Reputation: 443
I have a camera that adds new files to my AWS S3 bucket every hour, except when it doesn't. For rapid trouble-shooting, I'd like to be able to find (either list or view) the most recent file in the S3 folder. Or list all of the files since a particular date/time. FWIW, the file names are made up of UNIX epoch date stamps, so I could look for file names that contain a number bigger than, say 161315000.
The only solution I have so far is making a listing of all of the files, piped to a text file, which I can then parse. This takes too long...I have tens of thousands of files.
I'd be happy to use AWS CLI, s3cmd, Boto... whatever works.
Upvotes: 3
Views: 10925
Reputation: 269284
Rather than using the filename ("Key"), you could simply use the LastModified
date that S3 automatically attaches when an object is created.
To list the most-recent object based on this date, you could use:
aws s3api list-objects --bucket my-bucket --query 'sort_by(Contents, &LastModified)[-1].Key' --output text
To list objects since a given date (in UTC timezone, I suspect):
aws s3api list-objects --bucket my-bucket --query "Contents[?LastModified>='2021-01-29'].[Key]" --output text
If you wish to do it via Python, you will need to retrieve a list of ALL objects, then you could parse either the object key or LastModified date.
Upvotes: 9
Reputation: 8435
That's something you can't do with S3 alone, as S3 isn't a file system, but an object store. As such it's optimized for large amounts of objects, not for rapid listing.
If you have control over the format of the object keys, you could prefix them with the current date (like 2021/02/11/161315000
). That'd make it easy to find the latest object if you're looking for them only manually for debugging purposes.
If changing the format of the object keys isn't an option, you have to resort to more complex options.
While there exist S3 inventory reports, which do provide a listing of all objects and their last modified time, that's probably something which doesn't work for you either, as those reports get only generated once per day and might not include recently added objects.

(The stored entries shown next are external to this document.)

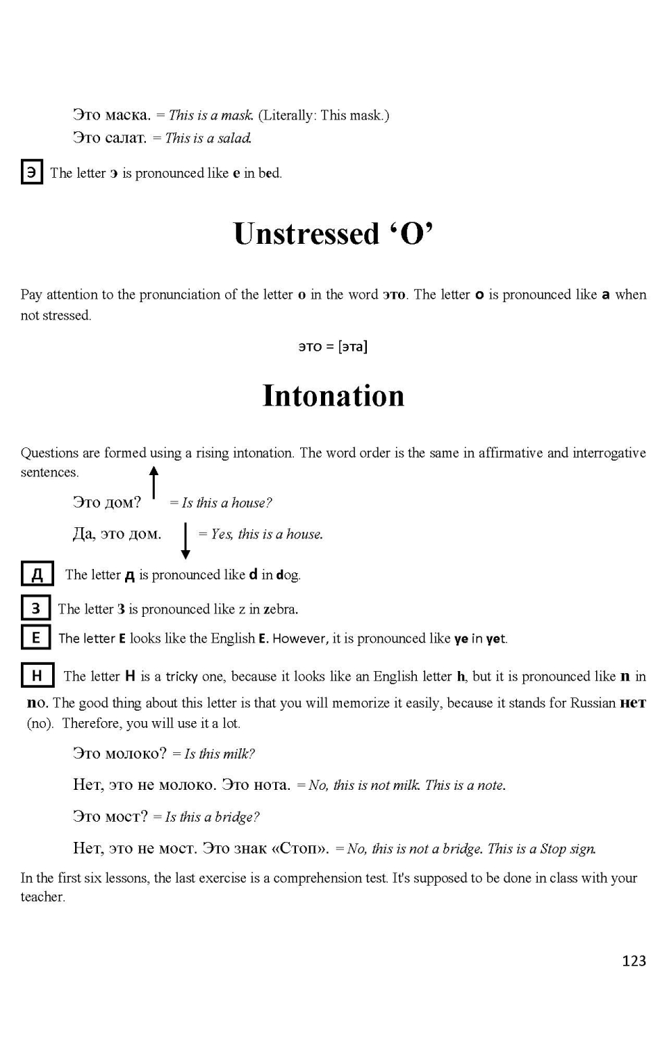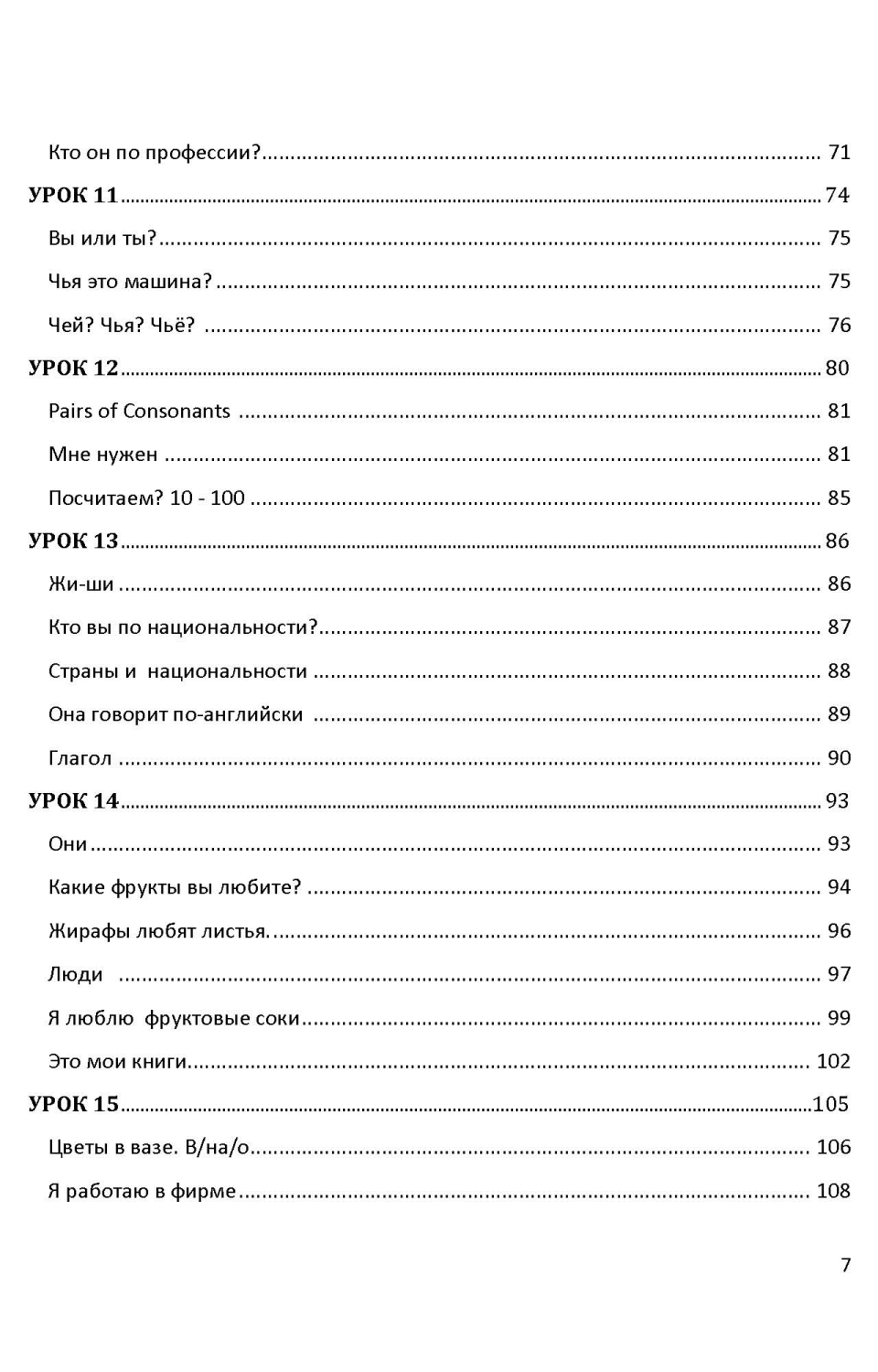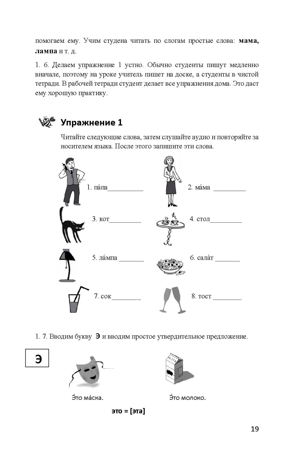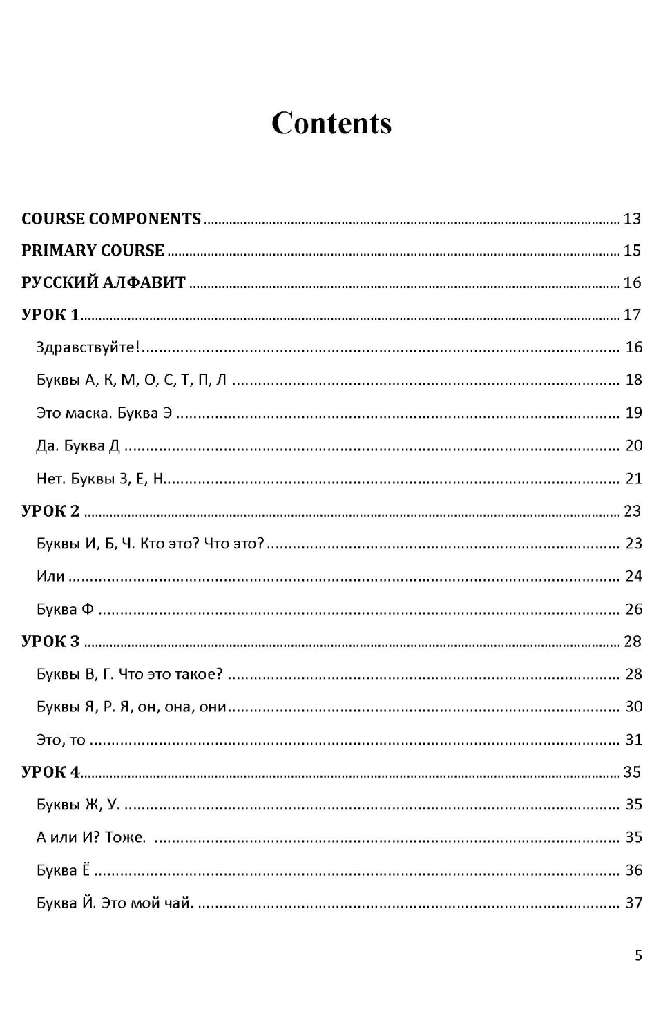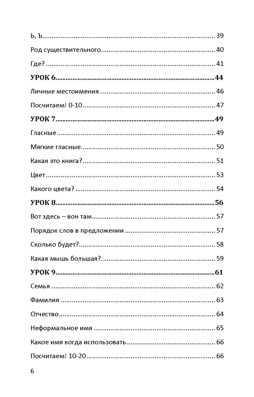 The first 6 lessons teach the students how to read and write in Russian. The Russian Alphabet is introduced in a special order that allows the students to start reading words and sentences from lesson one. The letters are supported by basic vocabulary and grammar structures that allow the student to speak from the very first page:
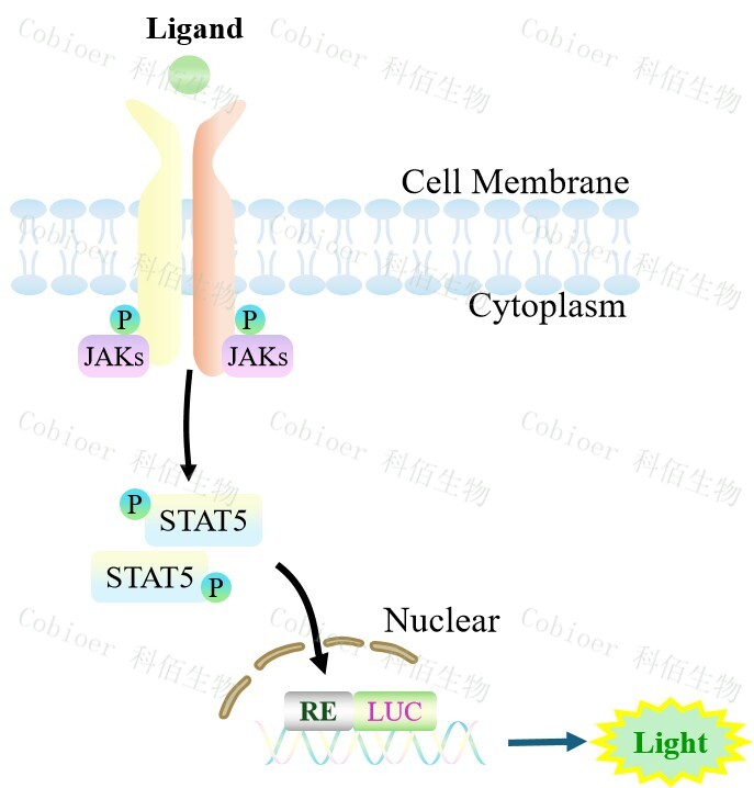 STAT5-Luc BaF3 報(bào)告基因細(xì)胞,是由 STAT5 調(diào)控并表達(dá) Luc 熒光素酶 報(bào)告基因的 BaF3 細(xì)胞。IL3 與受體結(jié)合,激活 STAT5 的原理見下圖所示。![]() Figure 1. STAT5-Luc BaF3 細(xì)胞模型原理圖 |
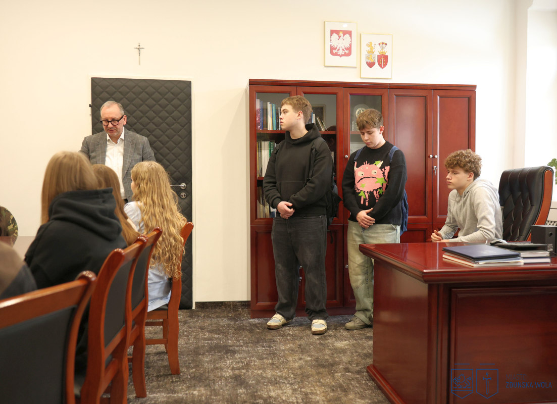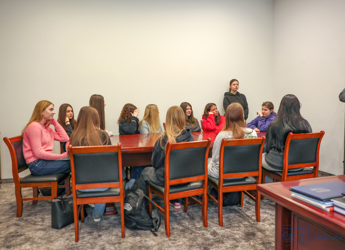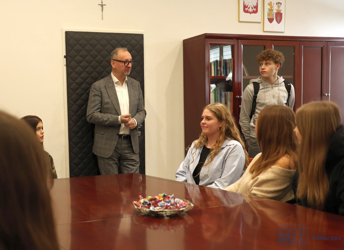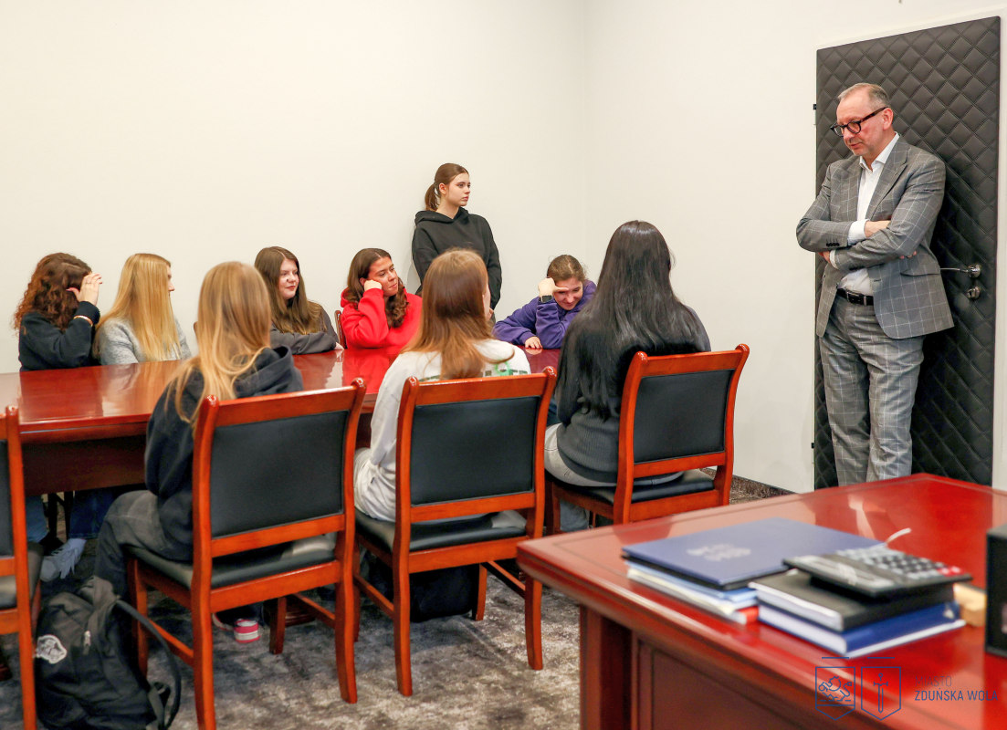 Młodzież z klas drugich o profilu humanistycznym i medycznym odwiedziła gabinet prezydenta Zduńskiej Woli Konrada Pokory. Podczas spotkania rozmawiano o zadaniach samorządu gminnego, kompetencjach prezydenta miasta oraz o tym, jakie sprawy mieszkańcy mogą załatwiać w urzędzie. Uczniowie dowiedzieli się również, jakie obowiązki spoczywają na władzach miasta i czego zduńskowolanie mogą oczekiwać od lokalnego samorządu.
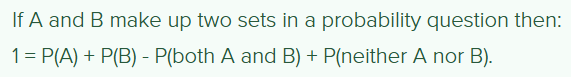 If A and B make up two sets in a probability question, then… (equation):
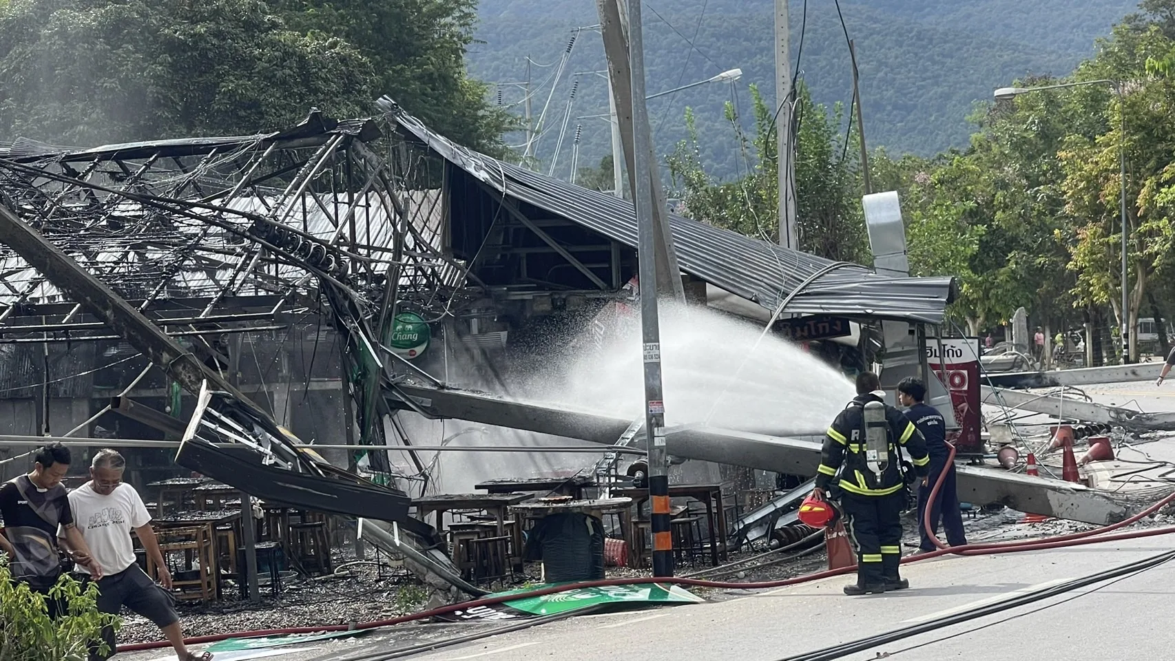 นอกจากนี้ได้เร่งช่วยกันทำการดับเพลิงที่ลุกไหม้บริเวณร้านฮิมโก้ง ที่ถูกเสาไฟฟ้าล้มลงมาทับจนเกิดเพลิงไหม้ ใช้เวลาราว 10 กว่านาทีจนสามารถควบคุมเพลิงไว้ได้ โดยไม่มีผู้ได้รับบาดเจ็บภายในจุดนี้แต่อย่างใด
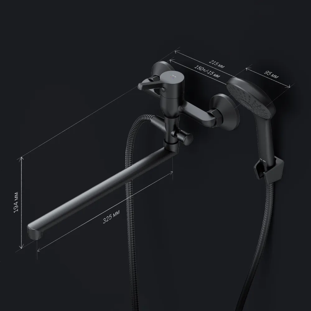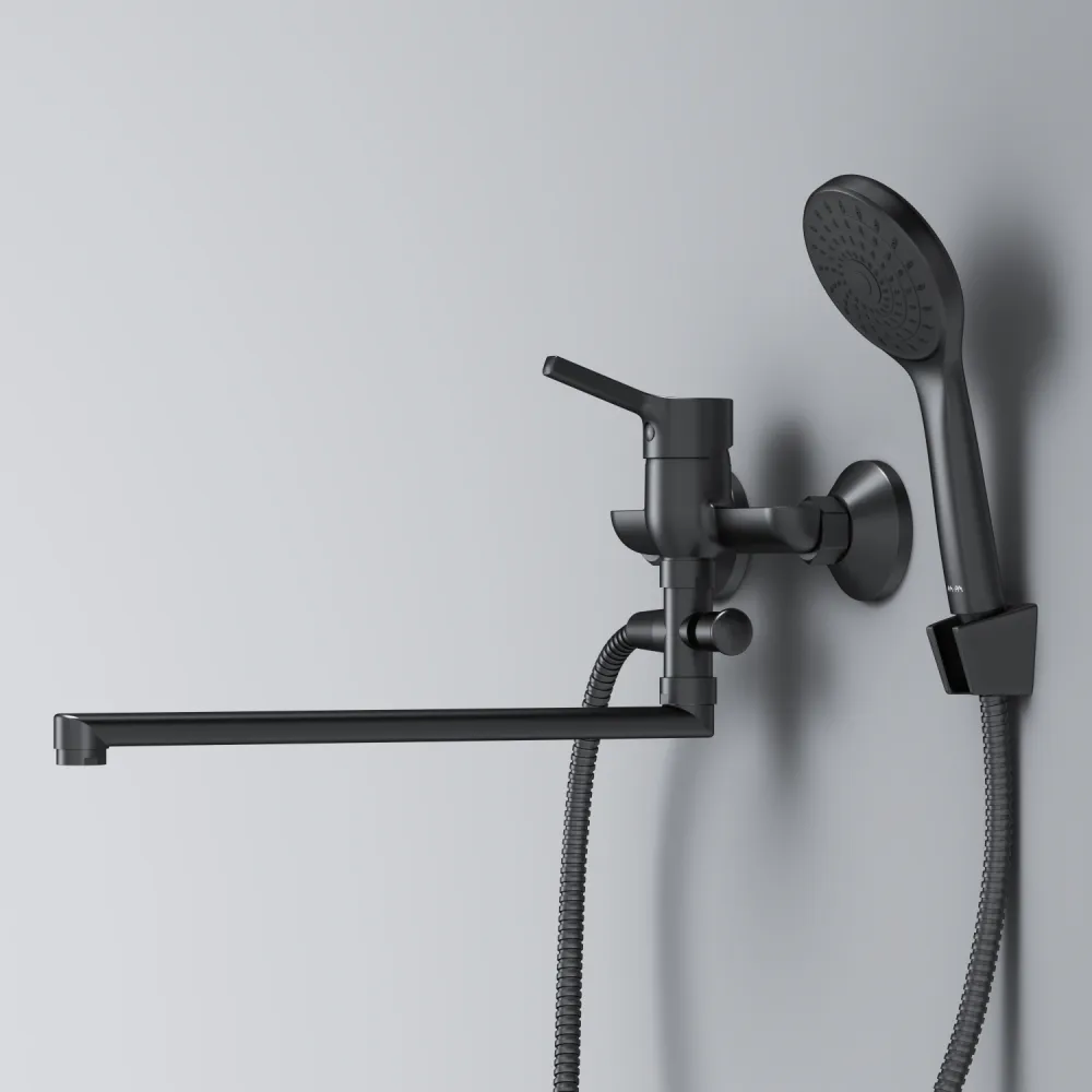 Стильное универсальное решение для ванной комнаты - качественный смеситель для ванны и душа с длинным поворотным изливом с душевым набором.

An alternative, which might fit better for your use case, would be to utilize S3 event notifications for newly created objects to trigger an AWS Lambda function. This AWS Lambda function could then store the S3 key of the last modified object somewhere (like logging it to Amazon CloudWatch where you could simply check the latest log records for the most recently created S3 object).
Upvotes: 4